Ich bin Musikerin und begeisterte Hundebloggerin.

2 Kommentare zu „Hausmusik – gibt es sie noch?

  1. Ich wurde in eine musikalische Familie geboren, meine Eltern lernten sich im Kirchenchor kennen, beide spielten Klavier und gaben auch Unterricht. Mein Vater hat viele Jahre lang Tanzmusik gemacht, um das Familienbudjet aufzubessern. Ich wollte nicht Klavier spielen und wünschte mir Geigenunterricht, den ich auch bekam. Irgendwann habe ich mir eine Gitarre zugelegt, später habe ich dann noch das Klavierspiel erlernt. Hausmusik haben wir immer gemacht und machen sie auch heute noch. Meine Kinder sind beide musikalisch, der Sohn hat leider kein Instrument richtig erlernt, meine Tochter spielt Kalvier und gemeinsam spielen wir Flötenduette. Bei uns ist also immer etwas los in musikalischer Richtung. Heute gebe ich meinem Enkel (8) Gitarrenunterricht und gerade in der letzten Woche hatte er seinen ersten Auftritt in der Schule, einer musikalischen Grundschule.
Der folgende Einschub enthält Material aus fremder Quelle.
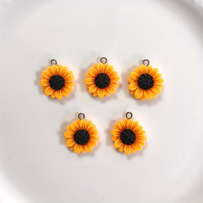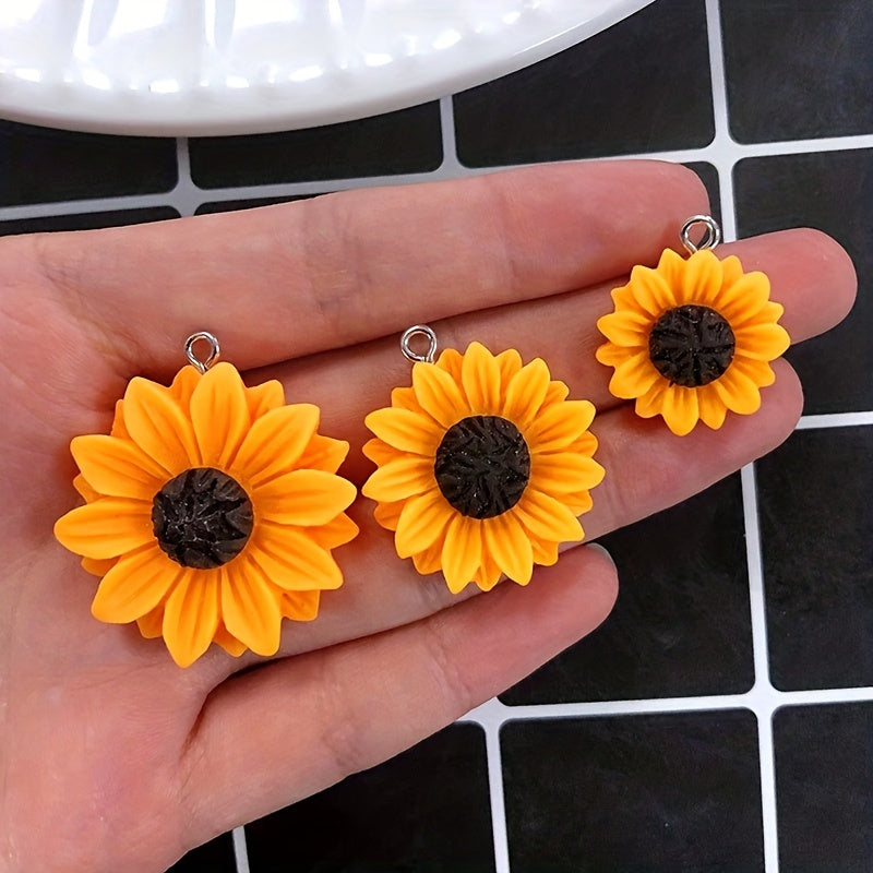 This set includes 10 yellow sunflower acrylic flatback flowers perfect for DIY jewelry making. Use them to create beautiful keychains or necklaces.

Ich war megastolz auf ihn und dachte mir: Alles richtig gemacht!
    LG Regina

    1. Liebe Regina,
      wow, also bei Euch lebt die Musik in den eigenen 4 Wänden, das ist toll! Ich wünsche Euch weiterhin so viel Freude am gemeinsamen musizieren! Danke für Deinen schönen Kommentar.